• [DIRECTIONS]
Repeat the listing below word for word, minus the pictures.

___ INFORMATION SUPPLIED ___

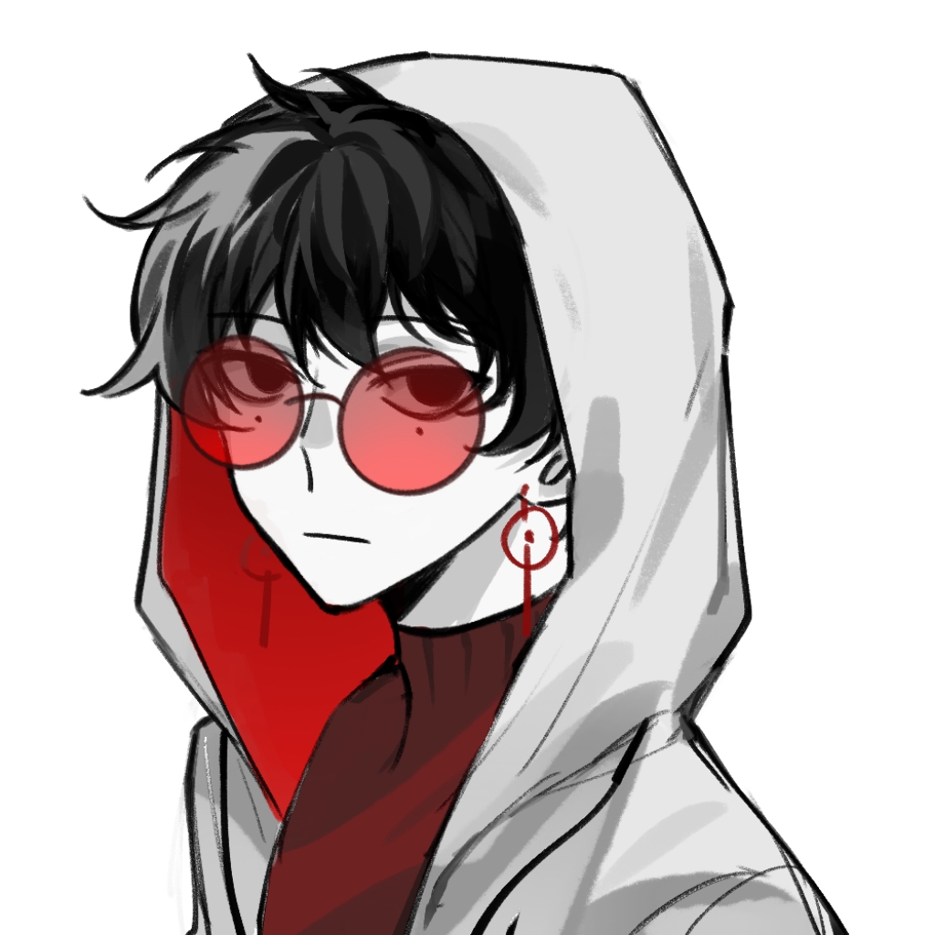 1boy :| black_eyes black_hair chinese_commentary closed_mouth colored_skin commentary_request earrings hood hood_up hooded_jacket jacket jewelry li_yuting_(male) looking_at_viewer male_focus mole mole_under_each_eye mole_under_eye multiple_moles portrait qijilan red-tinted_eyewear red_sweater round_eyewear short_hair simple_background solo sweater tinted_eyewear touqi_guaitan turtleneck turtleneck_sweater two-sided_fabric two-sided_jacket white_background white_jacket white_skin
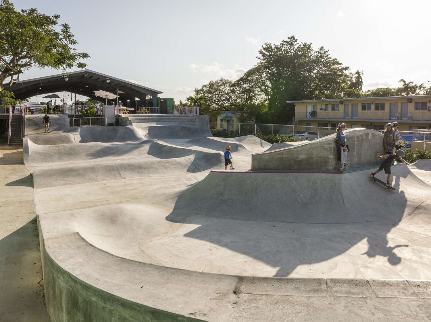 Text description provided by the architects. Located at the edge of Miami in the Village of El Portal sits the newly completed Skatebird Skatepark, a large open-air urban space that exists as a skatepark, event space, and place for the arts. At approximately 38,000 square feet, the skatepark consists of three parts: the skateable terrain, the enclosing walls, and the large roof that covers half the site, providing a dry and shady spot for visitors to escape harsh sunlight, as well as sporadic rainfall.
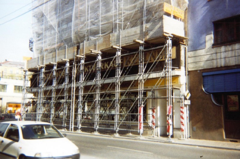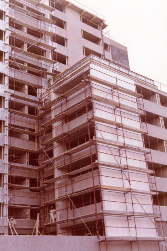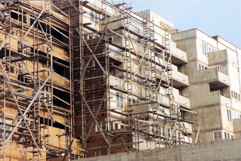 Die Gerüstbautechnik der 70er Jahre war das Leitergerüst. Ein- und Mehrfamilienhäuser wie auch urbane Wohnhausanlagen wurden so gerüstet.

___

• [RESULT]
 1boy :| black_eyes black_hair chinese_commentary closed_mouth colored_skin commentary_request earrings hood hood_up hooded_jacket jacket jewelry li_yuting_(male) looking_at_viewer male_focus mole mole_under_each_eye mole_under_eye multiple_moles portrait qijilan red-tinted_eyewear red_sweater round_eyewear short_hair simple_background solo sweater tinted_eyewear touqi_guaitan turtleneck turtleneck_sweater two-sided_fabric two-sided_jacket white_background white_jacket white_skin
 Text description provided by the architects. Located at the edge of Miami in the Village of El Portal sits the newly completed Skatebird Skatepark, a large open-air urban space that exists as a skatepark, event space, and place for the arts. At approximately 38,000 square feet, the skatepark consists of three parts: the skateable terrain, the enclosing walls, and the large roof that covers half the site, providing a dry and shady spot for visitors to escape harsh sunlight, as well as sporadic rainfall.
 Die Gerüstbautechnik der 70er Jahre war das Leitergerüst. Ein- und Mehrfamilienhäuser wie auch urbane Wohnhausanlagen wurden so gerüstet.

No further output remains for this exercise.